Roughly a month ago a buddy and I wanted to do a quick backpack to some shelters on the Oregon Coast. We scrapped a snow camping trip due to a warm-up into the 30’s and rain in the Cascades. We figured that we would just go up on a quick hike to the shelters in the Coast Range
We geared up as a storm was hitting the coast with driving, cold rain, and high winds. We hiked through muck, mud, puddles, under trees and the trail turning into a creek in some parts.
We were plenty protected from the rain. We were wearing waterproof shoes, rain pants, rain shell, and also ponchos. This was over my soft shell pants, top base layer, and a thin hoodie. I thought I would warm up as we hiked, and in the snow, I’ll even go all the way down to lightweight base layer top while active. Pretty sure the temp was in the 40’s, but a real nasty wind with it. Never really warmed up, but the only thing that got wet was our hands.
We were chilled by the time we reached the shelters (only 4 miles in). We never really warmed up on the trail, we just got colder. By this time, we couldn’t move our hands well and I was having coordination problems with them. I was even slurring my words. Basically, we were having the first signs of hypothermia.
However, due to over kill with rain gear (rain pants, rain jacket + poncho) I was bone dry, even my feet and socks. The exception of course being my hands/forearm.

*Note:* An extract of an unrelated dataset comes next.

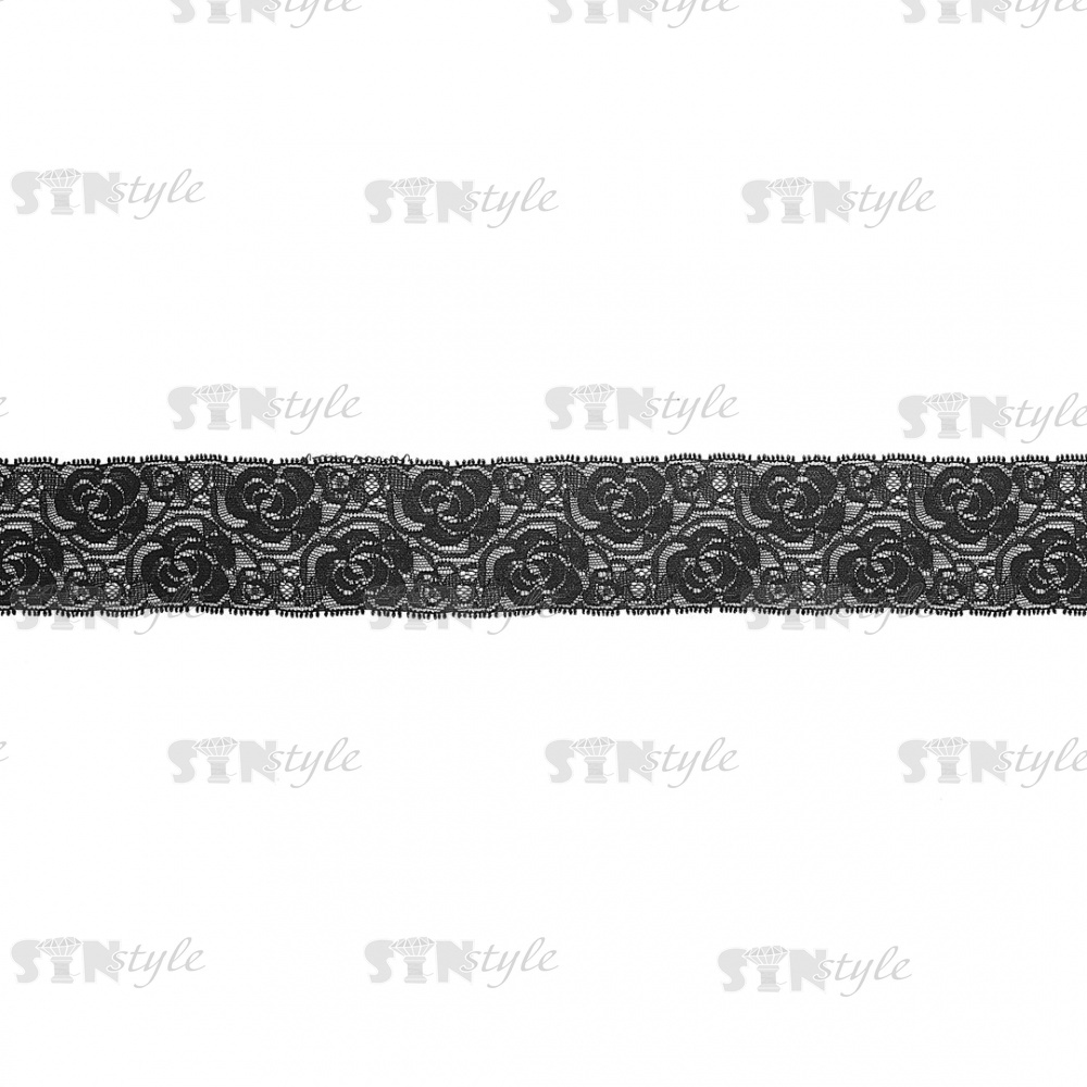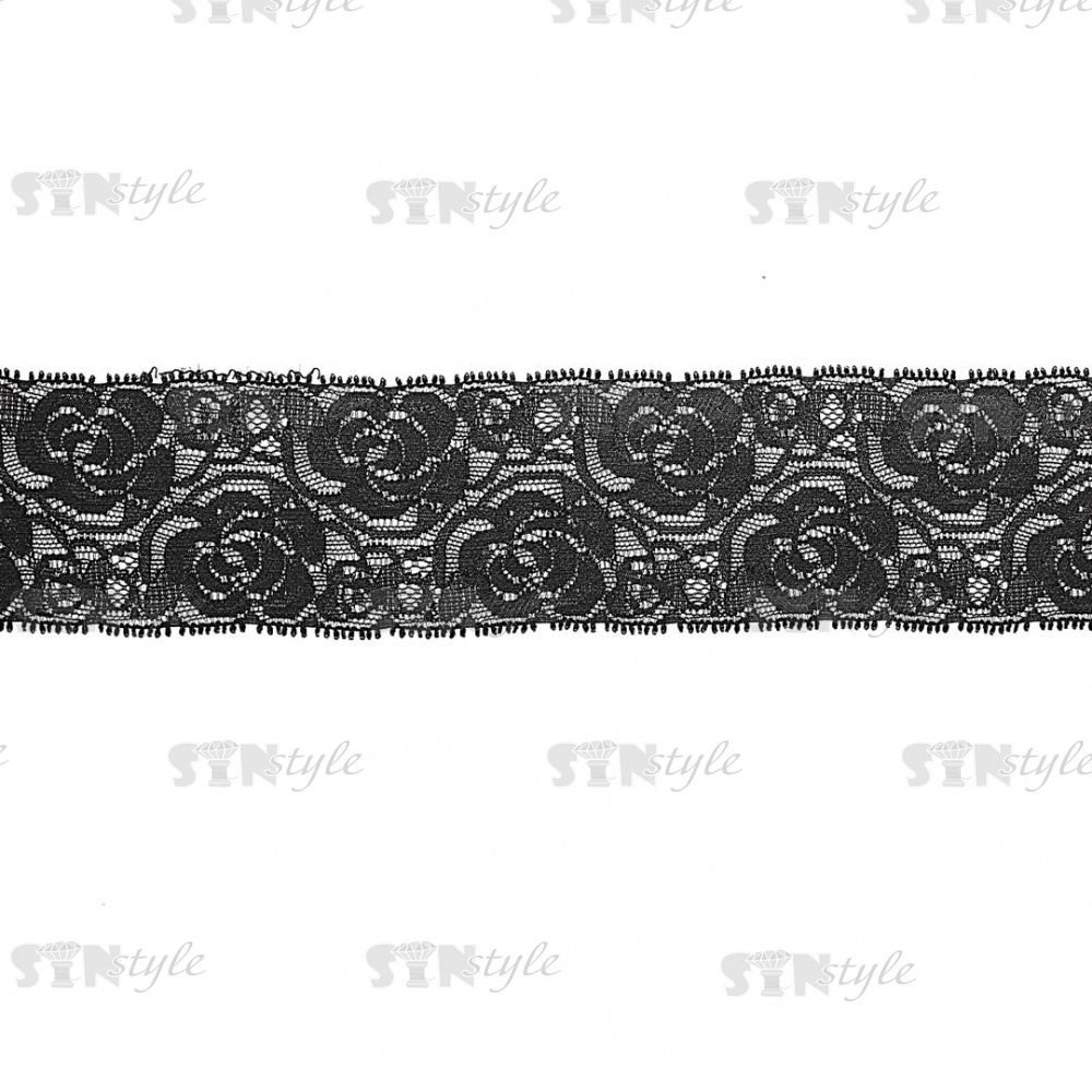 Кружево эластичное, ширина 55 мм, цвет черный, намотка 15 ярдов
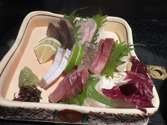 コース料理は付き出しの他に、サラダ刺身盛り、創作料理3品にパスタとデザート。

Then, slowly, we warmed back up in the shelter, but it took awhile. It was an adirondack style shelter, and you could lower a big canvas to close off the “door”. We put all our layers on, ate, and drank a warm drink. And, we were ok and had a blast the rest of the time.
My whole point in writing this is to show how cold, rainy weather is plenty dangerous as far as hypothermia goes, even with gear to keep you dry. I actually felt colder than I had on a backpack where the lows reached the teens. I think that a cold, snowy trip well below freezing is much more enjoyable than 30’s and 40’s wet misery.